Attributes: initial_step_size: Initial per-weight step-size meta_step_size: Meta learning rate theta trace_decay: Eligibility trace decay lambda use_semi_gradient: If True, use semi-gradient variant (default)

Args: initial_step_size: Initial value for per-weight step-sizes meta_step_size: Meta learning rate theta for adapting step-sizes trace_decay: Eligibility trace decay lambda (0 = TD(0)) use_semi_gradient: If True, use semi-gradient variant (recommended)

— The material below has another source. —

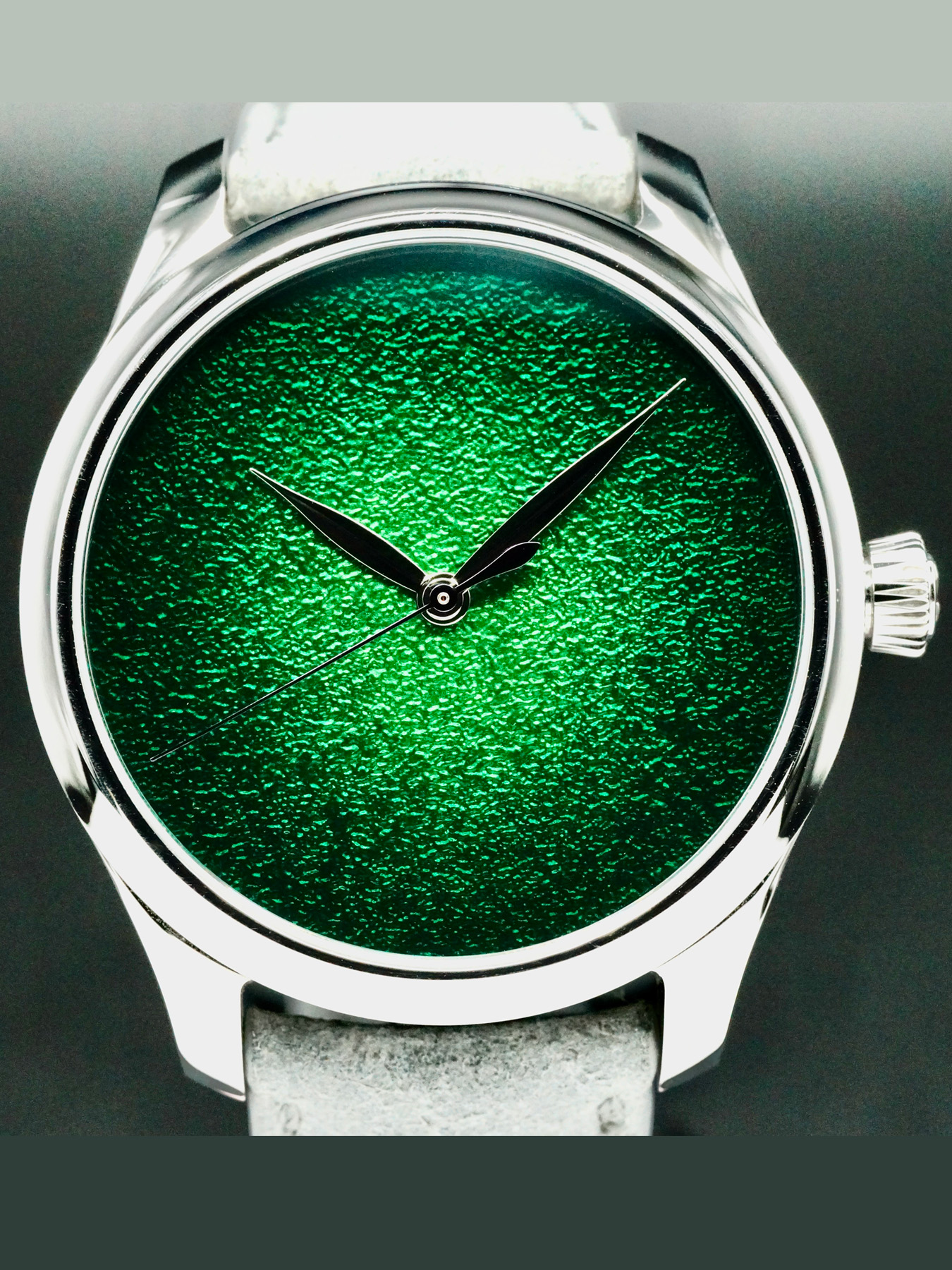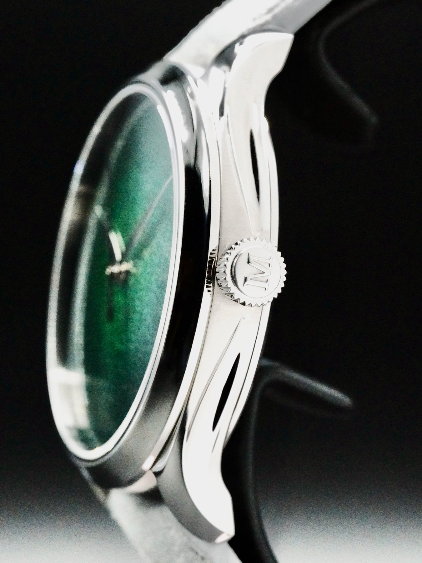 This watch features a 40mm stainless steel case on leather strap. This watch also sports a green dial. Powered by a mechanical automatic movement. Water resistance up to 30 meters.
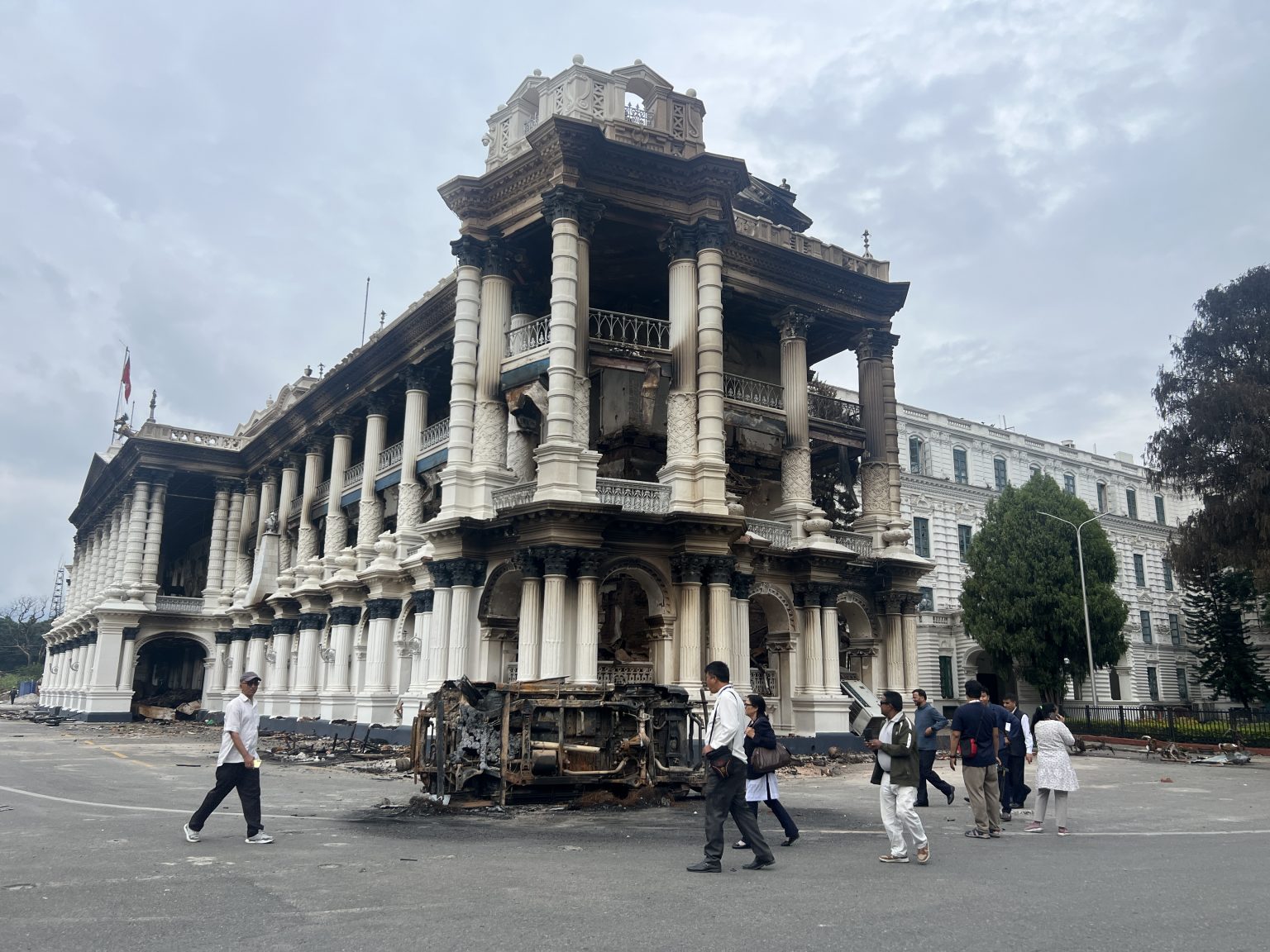 सिंहदरबार आगजनी र तोडफोडले कुरुप बनेको छ। भग्नावशेषमाथिको झण्डाले साँच्चिकै फेरि राष्ट्रिय एकतासहित उठ्नुपर्छ भन्ने भाव बोलिरहेझैँ लाग्छ। धुवाँधुवाँ बनेका सिंहदरबारको भित्ताहरुका कला कौशलले पुनर्निर्माण पर्खिरहेका छन्। आकर्षक शिल्पी र कला धुँवाको पोतोले लतपतिएका छन्। सिंहदरबारको तस्बिर कैद गरिरहनुभएकी कानुन व्यवसायी देवमाया घिमिरेले भन्नुभयो, “सिंहदरबार जलेको दृश्यले मन जलायो। हृदय भारी भयो। भवनको तस्बिर कैद गर्दा आफैँलाई बिझेजस्तो भयो। यो सबै दृश्य शब्दमा विश्लेषण गर्न सकिँदैन।”

Source code in src/alberta_framework/core/optimizers.py
def __init__(
    self,
    initial_step_size: float = 0.01,
    meta_step_size: float = 0.01,
    trace_decay: float = 0.0,
    use_semi_gradient: bool = True,
):
    """Initialize TD-IDBD optimizer.

    Args:
        initial_step_size: Initial value for per-weight step-sizes
        meta_step_size: Meta learning rate theta for adapting step-sizes
        trace_decay: Eligibility trace decay lambda (0 = TD(0))
        use_semi_gradient: If True, use semi-gradient variant (recommended)
    """
    self._initial_step_size = initial_step_size
    self._meta_step_size = meta_step_size
    self._trace_decay = trace_decay
    self._use_semi_gradient = use_semi_gradient

init(feature_dim)

Initialize TD-IDBD state.

Args: feature_dim: Dimension of weight vector

Returns: TD-IDBD state with per-weight step-sizes, traces, and h traces

Source code in src/alberta_framework/core/optimizers.py
def init(self, feature_dim: int) -> TDIDBDState:
    """Initialize TD-IDBD state.

    Args:
        feature_dim: Dimension of weight vector

    Returns:
        TD-IDBD state with per-weight step-sizes, traces, and h traces
    """
    return TDIDBDState(
        log_step_sizes=jnp.full(
            feature_dim, jnp.log(self._initial_step_size), dtype=jnp.float32
        ),
        eligibility_traces=jnp.zeros(feature_dim, dtype=jnp.float32),
        h_traces=jnp.zeros(feature_dim, dtype=jnp.float32),
        meta_step_size=jnp.array(self._meta_step_size, dtype=jnp.float32),
        trace_decay=jnp.array(self._trace_decay, dtype=jnp.float32),
        bias_log_step_size=jnp.array(jnp.log(self._initial_step_size), dtype=jnp.float32),
        bias_eligibility_trace=jnp.array(0.0, dtype=jnp.float32),
        bias_h_trace=jnp.array(0.0, dtype=jnp.float32),
    )

update(state, td_error, observation, next_observation, gamma)

Compute TD-IDBD weight update with adaptive step-sizes.

Implements Algorithm 3 (semi-gradient) or Algorithm 4 (ordinary gradient) from Kearney et al. 2019.

Args: state: Current TD-IDBD state td_error: TD error δ = R + γV(s') - V(s) observation: Current observation φ(s) next_observation: Next observation φ(s') gamma: Discount factor γ (0 at terminal)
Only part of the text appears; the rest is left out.